‘The Union’ movie review: Mark Wahlberg, Halle Berry star in serviceable spy comedy


Film Review The Union 56537

Mark Wahlberg, left, and Halle Berry in a scene from ‘The Union’
| Photo Credit: Laura Radford

Halle Berry’s hair is absolutely brilliant in The Union. All these women-led action movies have delicious hair — remember Charlize Theron in The Old Guard? The Union features Berry as Roxanne, a dangerous, supremely capable super-spy working for a shadowy organisation called, yes you got it, The Union. This is the organisation that quietly does the dirty jobs the other alphabet soup agencies cannot.

When a job goes south in Trieste and a dangerous list is in the wind, Roxanne decides to call… no not Ethan Hunt, (he is busy jumping off planes onto trains or some such) but her high-school sweetheart, Mike (Mark Wahlberg). The two parted ways when Roxanne went to college while Mike stayed in Jersey, as a construction worker, sleeping occasionally with his seventh-grade teacher, Nicole (Dana Delany). His mum keeping tabs on him is a running joke on how well-informed she is.

The Union (English)

Director: Julian Farino

Cast: Mark Wahlberg, Halle Berry, Mike Colter, J. K. Simmons

Storyline: A super spy enlists her high-school sweetheart on a dangerous mission and all sorts of mayhem ensues

Runtime: 107 minutes

There are two weeks to Mike’s best friend’s wedding and he has a boatload of best-man duties to perform. And then Roxanne walks into the bar. One moment, Mike is playing ‘Jersey Girl’ to her and the next he wakes up at the super swanky Savoy in London. Gee whiz! Roxanne explains the operation in Trieste, the death of all her team including Faraday (Mike Colter) and the necessity of getting the list back before the world as we know it ends.
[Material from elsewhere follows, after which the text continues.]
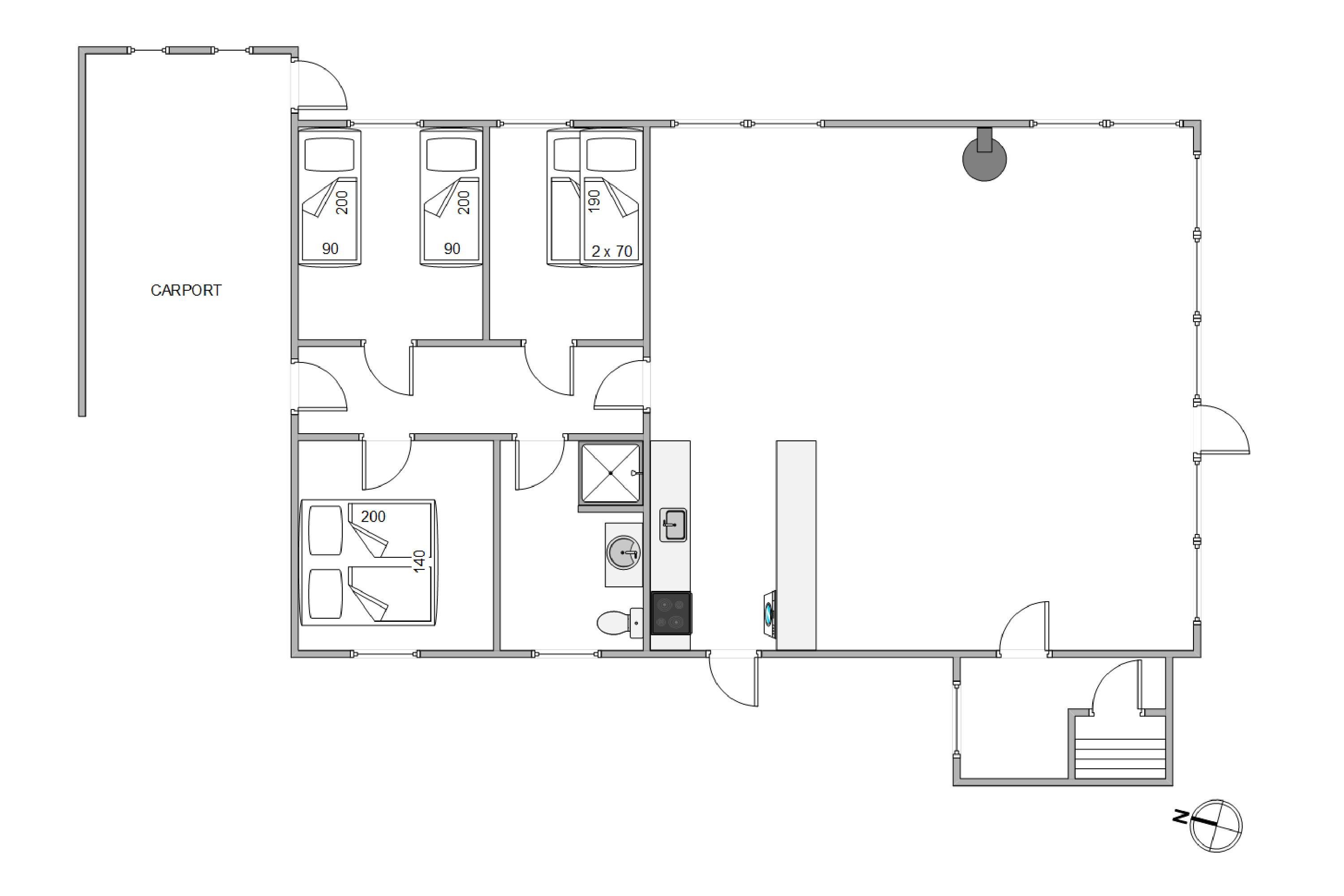 I sommerhuset er de 6 sovepladser fordelt på 3 soveværelser, der alle er belagt med gulvtæppe. På det ene soveværelse er der en dobbeltseng, på det andet er der 2 enkeltsenge, og på det tredje soveværelse er der en køjeseng. Desuden er der 1 badeværelse i sommerhuset, som er udstyret med gulvvarme og en lille sauna.

Mike has two weeks (the same two that would have been spent writing the best man speech and organising the stag party) to get battle-ready — being a steelworker of the “lunch atop a skyscraper kind” helps somewhat. Mike meets Roxanne’s boss, Tom Brennan (J. K. Simmons), the Union’s equivalent of Q, Foreman, (Jackie Earle Haley), the trainer, Frank (Adewale Akinnuoye-Agbaje) and the comms, Athena (Alice Lee).

Halle Berry, left, and Mark Wahlberg in a scene from ‘The Union’
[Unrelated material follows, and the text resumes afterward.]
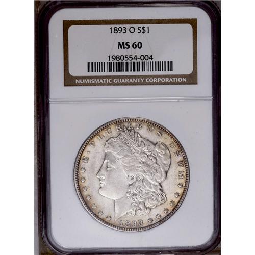 <B>1893-O<img border='0' src='http://www.heritagecoins.com/images/star.gif' width=10 height=10>$1> MS60 NGC.</B></I> This low mintage New Orleans silver dollar has golden-brown peripheral toning and no obvious marks. The centers are softly struck, as usual for the issue, and the reverse rim is abraded between 6 and 8 o'clock.

Halle Berry, left, and Mark Wahlberg in a scene from ‘The Union’
| Photo Credit:
Laura Radford

There is an auction, (not in a hall with the swish set, but online) a horrid CIA man sneering over everyone’s shoulders, a shady lady called Juliet (Jessica De Gouw), some excellent chases (imagine a scooter defeats two muscle bikes!), gorgeous locations (Istria, here I come), thrilling parkour — from rooftop to window to balcony all bathed in lovely light, and smart one-liners including Brennan calling the CIA the Central Incompetence Agency!

Wahlberg and Berry have an easy chemistry, and their reminiscences of high school and that janitor’s closet as well as the real reason their parents were against the couple make us invest in them. Entourage’s Julian Farino has created the perfect time-pass movie. And that haircut! Sigh.